Friday 6th of May 2022
By: James Ahearn, Solicitor and Victoria Kilby, Senior Associate - Coote Family Lawyers

Thank you so much for your help this year, I am thrilled to have this resolved.

My 'partner' is not who they said they were.  Do I have an entitlement for a property settlement under the Family Law Act 1975 (the Act)?

To enliven the jurisdiction of the Federal Circuit and Family Court of Australia and give rise to grounds for a claim to a property settlement following the breakdown of a relationship, the Court must be satisfied as to the existence of a de facto relationship in accordance with the definition in section 4AA of the Act.   

In the modern world of online dating and relationships, the term “catfishing” has been prevalent in media headlines recently due to a number of true-story podcasts and TV shows such as “Who the Hell is Hamish?”,Sweet Bobby”, and the Netflix series “Dirty John” and “Tinder Swindler”.  
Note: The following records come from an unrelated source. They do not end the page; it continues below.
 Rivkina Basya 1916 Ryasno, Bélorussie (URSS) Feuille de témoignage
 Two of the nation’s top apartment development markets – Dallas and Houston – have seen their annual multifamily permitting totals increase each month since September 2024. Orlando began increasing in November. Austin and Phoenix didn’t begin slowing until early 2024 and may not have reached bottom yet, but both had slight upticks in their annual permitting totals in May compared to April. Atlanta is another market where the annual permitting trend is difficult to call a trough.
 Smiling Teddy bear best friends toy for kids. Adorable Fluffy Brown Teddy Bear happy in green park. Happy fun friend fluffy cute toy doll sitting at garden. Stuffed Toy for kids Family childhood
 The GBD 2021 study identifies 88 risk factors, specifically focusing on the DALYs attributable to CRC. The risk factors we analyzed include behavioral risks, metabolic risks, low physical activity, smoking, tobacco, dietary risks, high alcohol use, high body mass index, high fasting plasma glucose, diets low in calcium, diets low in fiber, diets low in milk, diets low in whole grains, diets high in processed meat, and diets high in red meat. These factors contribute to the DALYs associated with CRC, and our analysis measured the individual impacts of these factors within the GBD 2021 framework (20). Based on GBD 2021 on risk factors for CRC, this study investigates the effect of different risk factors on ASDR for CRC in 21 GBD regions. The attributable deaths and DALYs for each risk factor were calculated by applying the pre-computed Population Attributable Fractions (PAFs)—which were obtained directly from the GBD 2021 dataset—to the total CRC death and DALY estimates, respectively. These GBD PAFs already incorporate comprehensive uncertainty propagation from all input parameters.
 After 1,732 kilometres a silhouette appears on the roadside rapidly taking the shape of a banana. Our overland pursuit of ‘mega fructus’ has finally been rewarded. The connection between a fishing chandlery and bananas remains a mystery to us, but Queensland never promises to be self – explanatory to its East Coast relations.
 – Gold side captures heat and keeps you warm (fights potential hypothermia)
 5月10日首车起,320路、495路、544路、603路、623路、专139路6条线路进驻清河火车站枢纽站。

Catfishing occurs when a perpetrator impersonates someone or pretends to be someone they are not, in order to deceive and entice the victim into a relationship with them.  Sometimes the perpetrator is known to the victim, hence the need to conceal their true identity.  Catfishing typically takes place online, through the use of fake profiles and images on dating and social media platforms.  When fake images are used, the parties rarely meet in person and the relationship often remains online, though it may nonetheless continue for years, with one party believing they are in a genuine relationship during this time.   

In these cases, it can prove a challenge when seeking to establish a de facto relationship within the definition of the Act, particularly when the parties have not actually met.   In many cases of catfishing however, the perpetrator tries to obtain a financial benefit from the victim, for example, they persuade the victim to send them money, sometimes inventing a hypothetical “emergency” scenario, where they desperately need funds and promise to repay the money – which rarely happens.  In those circumstances, if it can be proved that the parties were in a genuine de facto relationship (albeit never meeting in person) and a significant financial contribution has been made in the form of a cash payment, the Court may have jurisdiction.   
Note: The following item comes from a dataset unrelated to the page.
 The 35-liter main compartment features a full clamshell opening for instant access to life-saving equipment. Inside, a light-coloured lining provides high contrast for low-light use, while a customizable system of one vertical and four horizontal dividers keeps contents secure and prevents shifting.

Generally speaking, a claim to a property settlement arises after parties have been living together on a genuine domestic basis for at least 2 years, or there is a child of the relationship, or one of the parties has made a significant contribution of some form.  There are a myriad of other factors to be considered when determining whether the relationship meets the criteria to fall within the definition under the Act, including but not limited to the length of the relationship, whether it was sexual in nature, financial dependency, a mutual commitment to a shared life, registration of the relationship in Australia or abroad, property ownership, care and support of children and the public aspects of the relationship such as perception and reputation.
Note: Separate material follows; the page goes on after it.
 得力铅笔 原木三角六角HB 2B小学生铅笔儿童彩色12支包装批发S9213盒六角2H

Whether you and your partner are deemed to be in a de facto relationship will depend on the specific circumstances of your situation.  If you have questions about your relationship, please contact a member of our practice support team to speak with one of our top family lawyers about your relationship.

Presently, there is no law against catfishing per se in Australia.  If you believe your partner has engaged in fraudulent deception to obtain financial gain from you however, you may have grounds for a criminal claim and should speak with a criminal lawyer.